Me Too and Hollywood’s Big Night
By Zeke Trautenberg
The Academy Awards are Hollywood’s Swarovski crystal-bedazzled barometer of the film industry and the culture at large. This year, the Me Too movement and revelations of abuse by the producer Harvey Weinstein and other powerful men in Hollywood served as the backdrop for the awards. Even before the ceremony began, Me Too was front and center in the form of Ryan Seacrest, the host of E’s red-carpet show. Seacrest is facing allegations of sexual harassment by his former stylist. In a move that reassured no one, E aired the coverage on a thirty-second tape delay, allowing the network to cut away from any uncomfortable moments.
Whereas Seacrest’s presence reflected the entrenched power of alleged harassers and abusers in Hollywood, the onstage appearance of the actress Annabella Sciorra, a survivor of Weinstein’s abuse, represented a symbolic recognition of the damage done by sexual harassers and abusers in Hollywood. In the most moving and symbolically powerful moment of the evening Sciorra, standing next to her fellow actresses Time’s Up declared: “This year many spoke their truth.”
Jimmy Kimmel reprised his role as a genial and self-aware host. He poked fun at the stars and acknowledged the Me Too movement, joking: “If you are a nominee who isn’t making history, shame on you!”. Among the history-making nominees was Rachel Morrison, the first woman nominated for Cinematography in the ninety-year history of the Oscars. The Chilean film Una mujer fantástica, which tells the story of a transgender woman (played by Daniela Vega) dealing with the loss of her partner, also broke ground with its Best Foreign Film win.
Reprising a joyful moment from last year, Kimmel brought Gal Godot, Armie Hammer, Emma Stone, Guillermo del Toro, and other Hollywood stars to a movie theater across the street from the Dolby Theater where they surprised an audience mid-movie.

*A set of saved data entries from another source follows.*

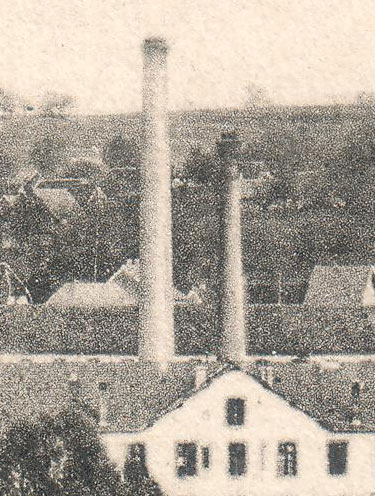 Zoom sur les deux cheminées de l'usine Lang, avant la démolition en 1892 de l'ancienne cheminée. Collection photos René Minéry.
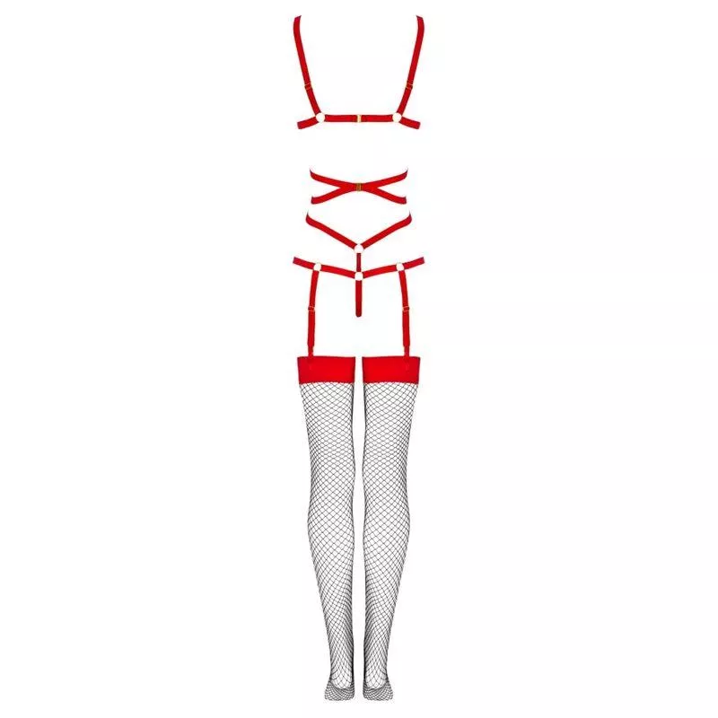 Das Oberteil des Sets besteht aus sexy schwarzen Streifen, die auf dem Bauch ineinander verschlungen und mit Ringen verbunden sind. Die Träger oben umschließen die Brust elegant, ohne sie zu bedecken, während sie sich unten sanft in einen Tanga verwandeln. Einzelne Träger verlaufen an beiden Seiten des Tangas und schmiegen sich charmant an die Hüften. Der untere Teil des Sets besteht aus schwarzen Strümpfen mit verstellbarer Länge aus Netzstoff. Die Strümpfe sind vorne und hinten mit Verschlüssen am Oberteil des Outfits befestigt.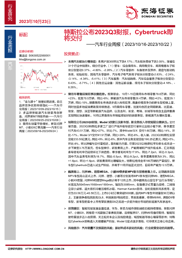 东海证券:汽车行业周报:特斯拉公布2023Q3财报,Cybertruck即将交付.pdf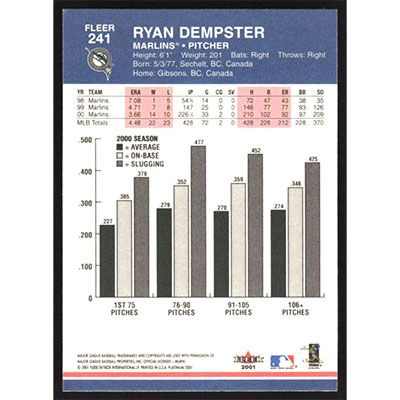 This is a 2001 Fleer Platinum Ryan Dempster baseball card. The card is #241 and pictures show condition.

However, the visit to the theater carried a deeper significance, reflecting anxiety about the disjuncture between films recognized by the Academy and those favored by the movie-going public.
The only surprise at this year’s show was Jordan Peele’s win for Best Original Screenplay for the social satire-cum-horror film Get Out. Guillermo del Toro’s The Shape of Water, with its broad allegory of outsiders in an unforgiving world, was a fitting winner of the Best Picture award. However, Coco, which won the award for Best Animated Feature, a transnational production with stars from across the Americas that represents a profitable and inclusive future for Hollywood.